THE BROTHERS GRIMM


Starring: Matt Damon, Heath Ledger, Monica Bellucci, Jonathan Pryce, Lena Headey
Director: Terry Gilliam
Writing Credits: Ehren Kruger
Distributor: Dimension Film s (USA 2005)
Rated: PG-13 for violence, frightening sequences and brief suggestive material.

Bombastic, whimsical, and delicious,THE BROTHERS GRIMM evokes all of the adjectives one comes to expect about the work of director Terry Gilliam. Like Twelve Monkeys, it's weird. Like Time Bandits, it's fanciful and just a bit dark.
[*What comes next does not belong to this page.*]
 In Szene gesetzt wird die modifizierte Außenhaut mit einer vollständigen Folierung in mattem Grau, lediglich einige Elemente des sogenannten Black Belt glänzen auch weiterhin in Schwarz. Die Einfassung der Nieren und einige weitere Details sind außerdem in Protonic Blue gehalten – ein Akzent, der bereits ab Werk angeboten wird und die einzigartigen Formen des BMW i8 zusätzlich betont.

Like Brazil, it's more than a bit offbeat; and like all of his work with Monty Python, it is most certainly original.

But this latest film of Gilliam's also bears the imprimatur of its Hollywood-bred screenwriter, Ehren Kruger, the horror wild child behind Scream 3 and The Ring. An odd-duck pairing, their collaboration tempers Gilliam's imaginative tangents with Kruger's mainstream sensibilities, meshing together idiosyncratic elements with an almost fiendish devotion to narrative. Entertaining and clever and only rarely off-putting, this hybrid is fantastical but familiar, definitely weird but not uncomfortable...a Harry Potter experience for those who have outgrown the fantasy cliches of boy wizards. THE BROTHERS GRIMM -- which is only tangentially about the authors of the famous Anglo-Saxon fairy tales -- is really a comic ghost story wrapped in the postmodern folds of Shakespeare In Love, where the characters could be our contemporaries if it weren't for the period dress and bad hairstyles.
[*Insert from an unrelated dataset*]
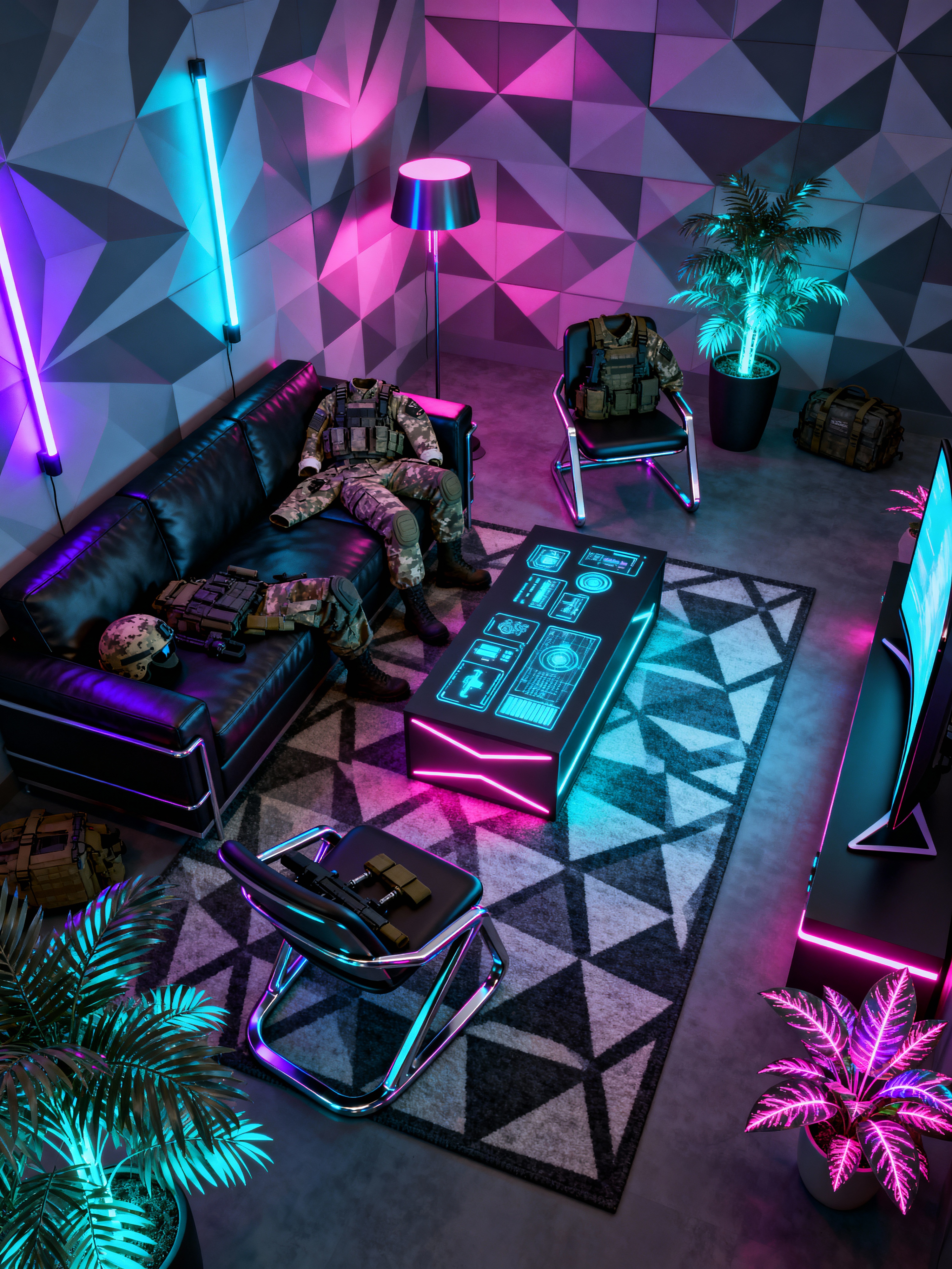 living room with cyberpunk style with sofa and electric lamps and rug and chairs and plant and coffee tables and furniture and televisions. . with bladerunner lights and color lights glow and strong geometric walls and bladerunner style and cyberpunk lights and futuristic cybernetic details and military uniforms and gear and synthwave

In Gilliam and Kruger's world, the Grimm brothers Wilhelm (Matt Damon) and Jacob (Heath Ledger) are theatrical hucksters who drum up fake witches in rural German villages, and then exorcise those demons...for a fee. Their lives are filled with wine, women and stories; Jacob, in particular, is consumed with the folk tales of his childhood. Wilhelm, however, fancies himself a realist...that is, until the two encounter the forest of Marbaden, where little girls in red riding hoods and those dropping bread crumbs are disappearing in droves.

The central mystery rapidly becomes the focus of the Grimms' adventure, including a tug of war over a village tomboy, Angelika (Lena Headey) and a vain, aging sorceress (Monica Belucci). There's little in the way of subtlety, in either the drama or the comedy. At moments, the film careens over the edge of believability in a cartoony, broadly drawn style. Especially in the first half-hour, The Brothers Grimm struggles to find its footing, bungling comic moments and wasting opportunities to fill out its central characters.

But as the film continues, Ledger finds an amiable rhythm in Jacob's literary nebbishness, and soon after Damon balances his hammy portrayal with more textured colorings. Like the Grimm tales themselves, the film is alternatively frightening and barbaric, and probably a tough fit for Miramax, who can't really sell it to children. The onscreen violence lands somewhere just shy of Lord of the Rings, but the storytellers treat the violence with less deference than the hobbits did. The Brothers Grimm is probably best for adults who still have a kid inside them somewhere, people with a worldly understanding of the modern-day equivalents of witches and werewolves. Imperfect but eminently enjoyable.